Performance-wise, these antennas stand toe to toe with copper antennas found in most mobile devices on the market today – but with the benefit of being just a fraction of their thickness and weight, notes lead author and Drexel distinguished professor, Yury Gogotsi.
“This combination of communications performance with extreme thinness, flexibility and durability sets a new standard for antenna technology.”
“While copper antennas have been the best in terms of performance for quite some time, their physical limitations have prevented connected and mobile technology from making the big leaps forward that many have predicted.”
“Due to their unique set of characteristics MXene antennas could play an enabling role in the development of IoT technology.”
According to Gogotsi, the two-dimensional MXene makes an appealing material for new antennas because it can be spray applied, screen printed or inkjet-printed onto just about any substrate and remains flexible without sacrificing performance.
In order to demonstrate their innovation, Gogotsi and his fellow collaborators – professors Gary Friedman and Kapil Dandeka – created three sets of spray-coated MXene antennas, which were between 7-14 times thinner and 15-30 times lighter than a similar copper antenna.
Both lab and open environment testing were done at the three radio frequencies commonly used for telecommunication – including one in the target frequency of operation for 5G devices.
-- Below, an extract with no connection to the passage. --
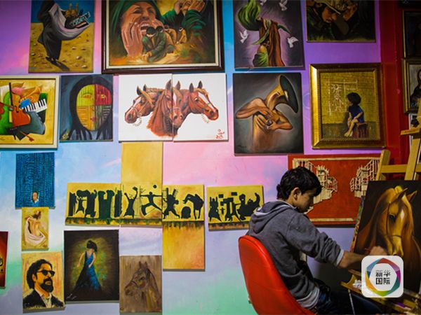 阿拉·侯赛因在孤儿院的画室里作画。(新华社记者陈序摄)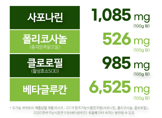 유기농 새싹보리 착즙분말의 주요 성분은 사포나린, 폴리코사놀, 클로로필, 베타글루칸이고 또한 새싹보리에는 45종의 다양한 영양성분이 들어있습니다.

In each instance, the MXene antennas performed within 5% of copper antennas, with performance increasing with thickness of the antenna.
For instance, the best performing MXene patch antenna was 99% as efficient as a copper antenna operating at 16.4 GHz frequency in an open environment.
MXenes were also 98% as effective as their copper counterparts operating in the 5G bandwidth.
Moreover, these performance numbers did not waiver when the MXene antennas were subjected to as many as 5,000 bending cycles – a mark of durability that far surpasses other materials such as graphene and CNTs.